■ Activity
Output, exactly as written, the lines below starting at the line containing "Images of PEN" and ending at the line containing "Лонгслив Fuori средней". Drop the pictures and keep both end lines.
(Beginning of Dataset excerpts)
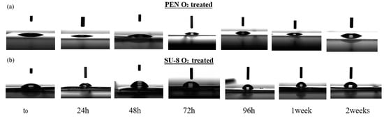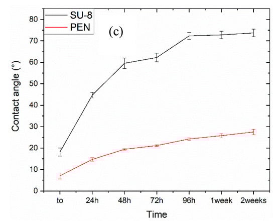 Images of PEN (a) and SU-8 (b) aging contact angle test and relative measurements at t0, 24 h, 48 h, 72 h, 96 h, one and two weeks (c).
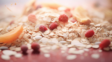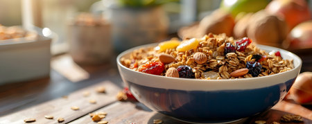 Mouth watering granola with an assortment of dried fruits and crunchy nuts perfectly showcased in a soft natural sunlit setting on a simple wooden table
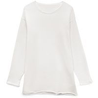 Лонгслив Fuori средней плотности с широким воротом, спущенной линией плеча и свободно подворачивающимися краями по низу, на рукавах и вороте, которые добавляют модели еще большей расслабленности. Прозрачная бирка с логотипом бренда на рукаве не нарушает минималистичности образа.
(End of Dataset excerpts)
(Beginning of Dataset excerpts)
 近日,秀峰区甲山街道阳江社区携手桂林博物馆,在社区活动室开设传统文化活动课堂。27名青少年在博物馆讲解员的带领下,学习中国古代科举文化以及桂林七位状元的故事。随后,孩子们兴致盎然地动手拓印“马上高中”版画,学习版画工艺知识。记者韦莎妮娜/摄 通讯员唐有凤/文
(End of Dataset excerpts)
■ Result of this task
 Images of PEN (a) and SU-8 (b) aging contact angle test and relative measurements at t0, 24 h, 48 h, 72 h, 96 h, one and two weeks (c).
 Mouth watering granola with an assortment of dried fruits and crunchy nuts perfectly showcased in a soft natural sunlit setting on a simple wooden table
 Лонгслив Fuori средней плотности с широким воротом, спущенной линией плеча и свободно подворачивающимися краями по низу, на рукавах и вороте, которые добавляют модели еще большей расслабленности. Прозрачная бирка с логотипом бренда на рукаве не нарушает минималистичности образа.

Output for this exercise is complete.